* WHAT YOU SHOULD DO
Each line below should be repeated exactly as written, with no pictures carried over.

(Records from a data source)
::::::::
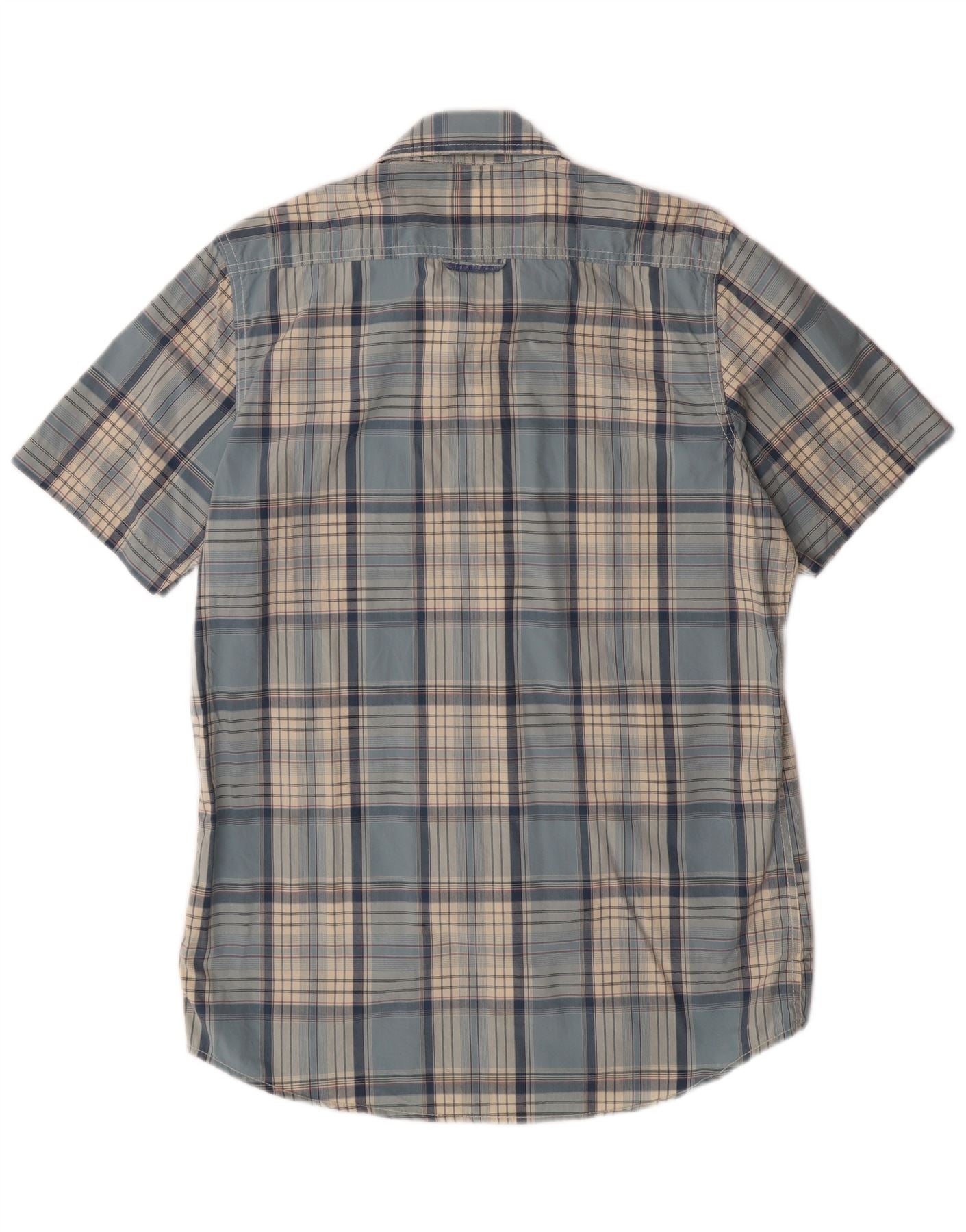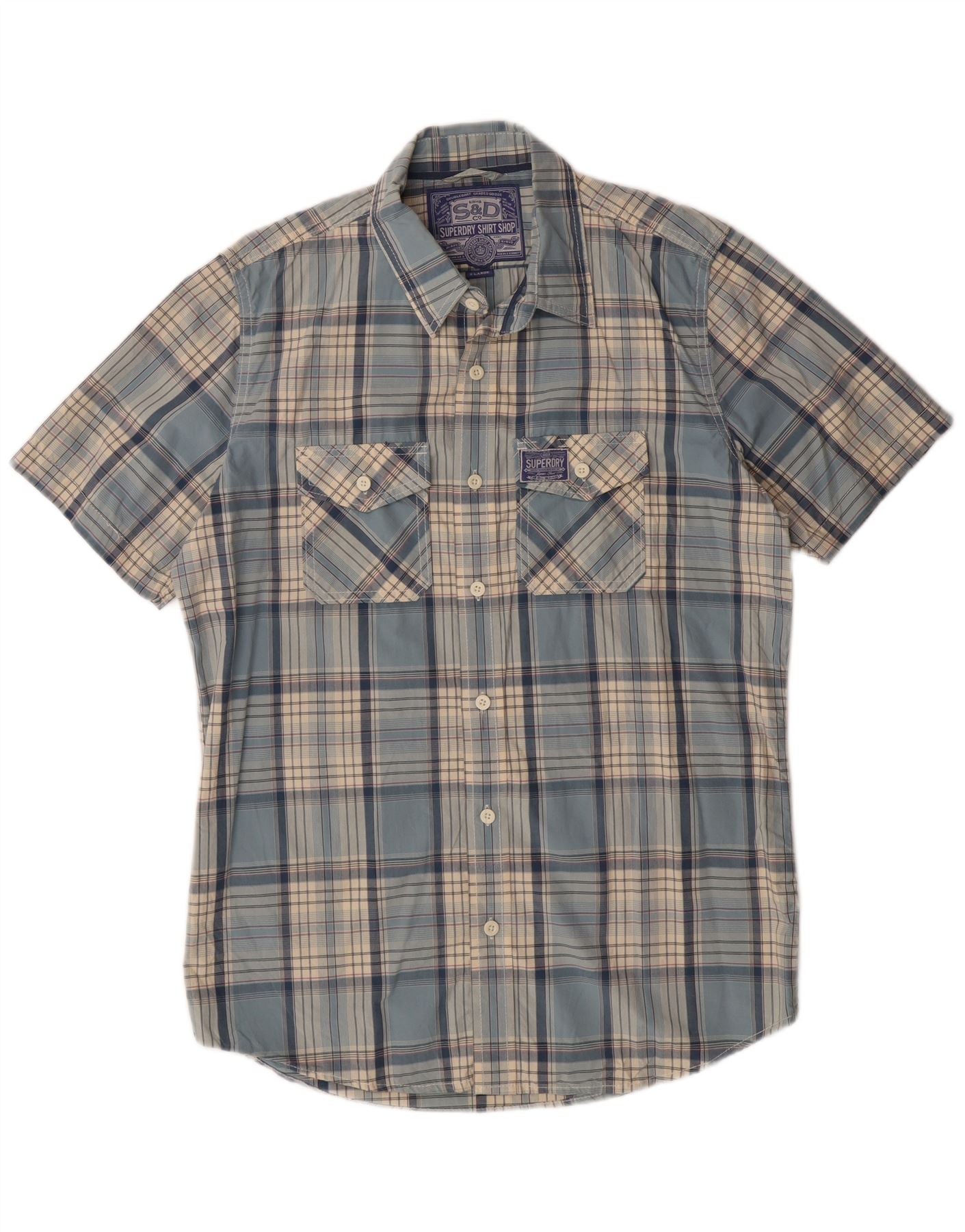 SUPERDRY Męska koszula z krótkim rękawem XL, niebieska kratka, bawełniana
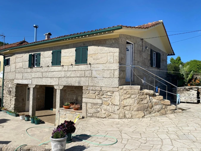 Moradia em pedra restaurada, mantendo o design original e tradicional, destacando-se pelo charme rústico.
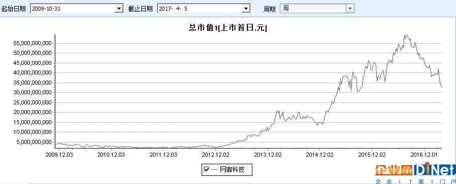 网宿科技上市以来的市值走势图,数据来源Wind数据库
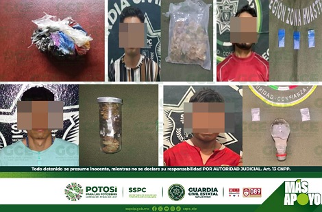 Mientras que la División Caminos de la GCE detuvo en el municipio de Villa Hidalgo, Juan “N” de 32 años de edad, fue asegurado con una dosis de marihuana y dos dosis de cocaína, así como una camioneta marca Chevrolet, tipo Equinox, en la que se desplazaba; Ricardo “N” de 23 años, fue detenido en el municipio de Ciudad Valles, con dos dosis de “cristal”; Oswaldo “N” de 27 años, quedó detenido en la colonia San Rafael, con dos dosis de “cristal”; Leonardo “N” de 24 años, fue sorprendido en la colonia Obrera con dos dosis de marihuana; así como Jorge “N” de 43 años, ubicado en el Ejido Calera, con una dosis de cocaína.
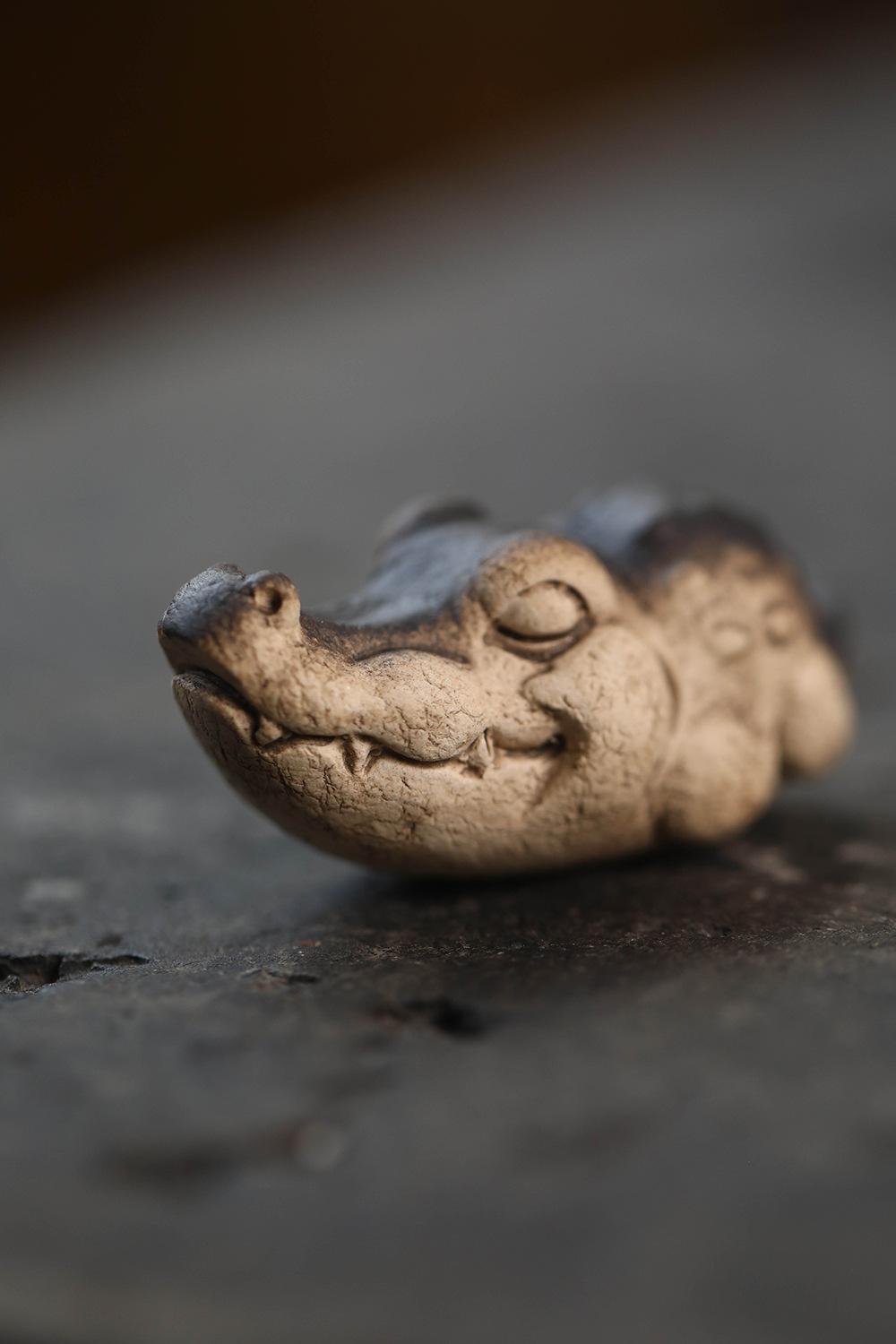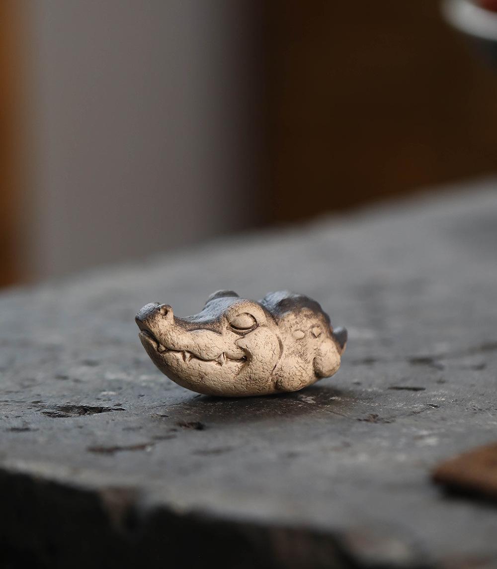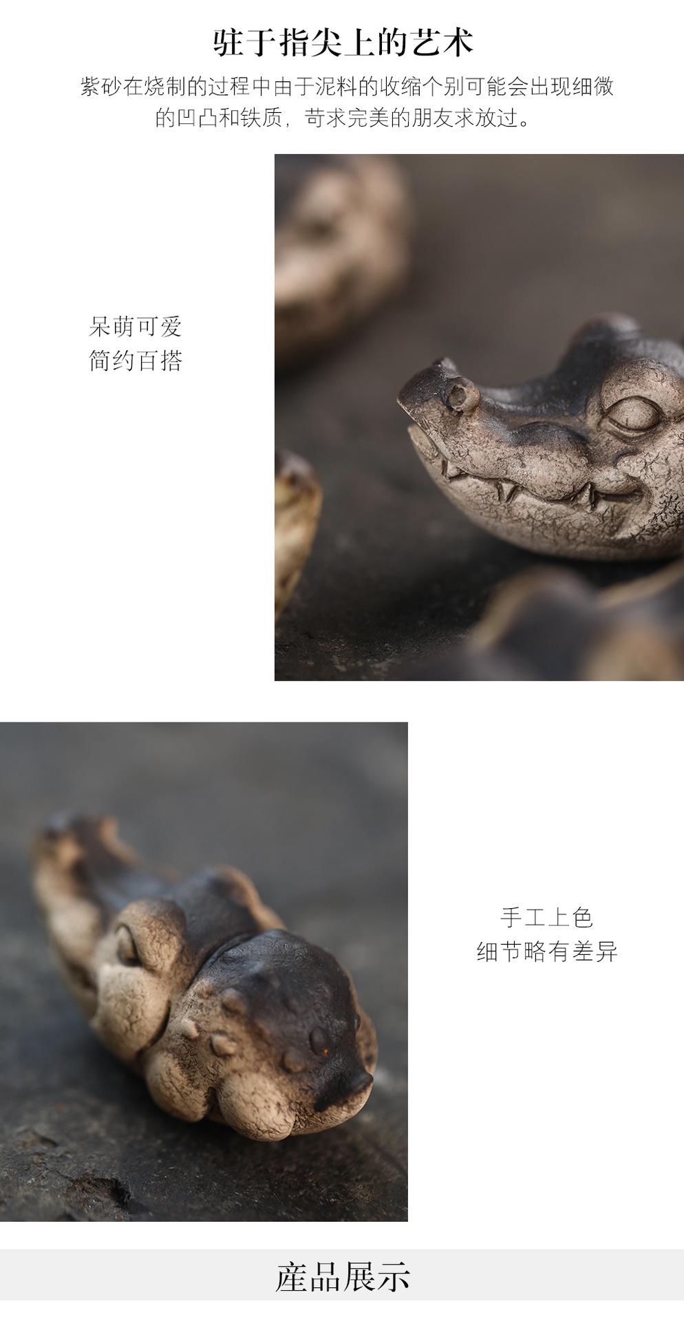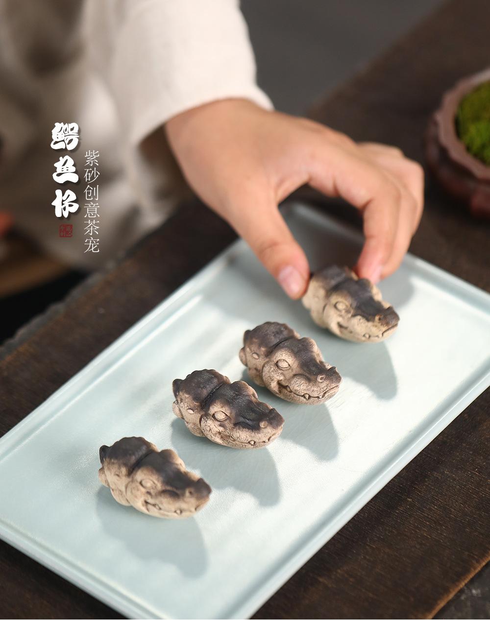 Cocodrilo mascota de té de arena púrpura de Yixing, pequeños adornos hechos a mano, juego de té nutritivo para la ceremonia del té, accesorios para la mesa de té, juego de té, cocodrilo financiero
::::::::
* EXERCISE ANSWER
 SUPERDRY Męska koszula z krótkim rękawem XL, niebieska kratka, bawełniana
 Moradia em pedra restaurada, mantendo o design original e tradicional, destacando-se pelo charme rústico.
 网宿科技上市以来的市值走势图,数据来源Wind数据库
 Mientras que la División Caminos de la GCE detuvo en el municipio de Villa Hidalgo, Juan “N” de 32 años de edad, fue asegurado con una dosis de marihuana y dos dosis de cocaína, así como una camioneta marca Chevrolet, tipo Equinox, en la que se desplazaba; Ricardo “N” de 23 años, fue detenido en el municipio de Ciudad Valles, con dos dosis de “cristal”; Oswaldo “N” de 27 años, quedó detenido en la colonia San Rafael, con dos dosis de “cristal”; Leonardo “N” de 24 años, fue sorprendido en la colonia Obrera con dos dosis de marihuana; así como Jorge “N” de 43 años, ubicado en el Ejido Calera, con una dosis de cocaína.
 Cocodrilo mascota de té de arena púrpura de Yixing, pequeños adornos hechos a mano, juego de té nutritivo para la ceremonia del té, accesorios para la mesa de té, juego de té, cocodrilo financiero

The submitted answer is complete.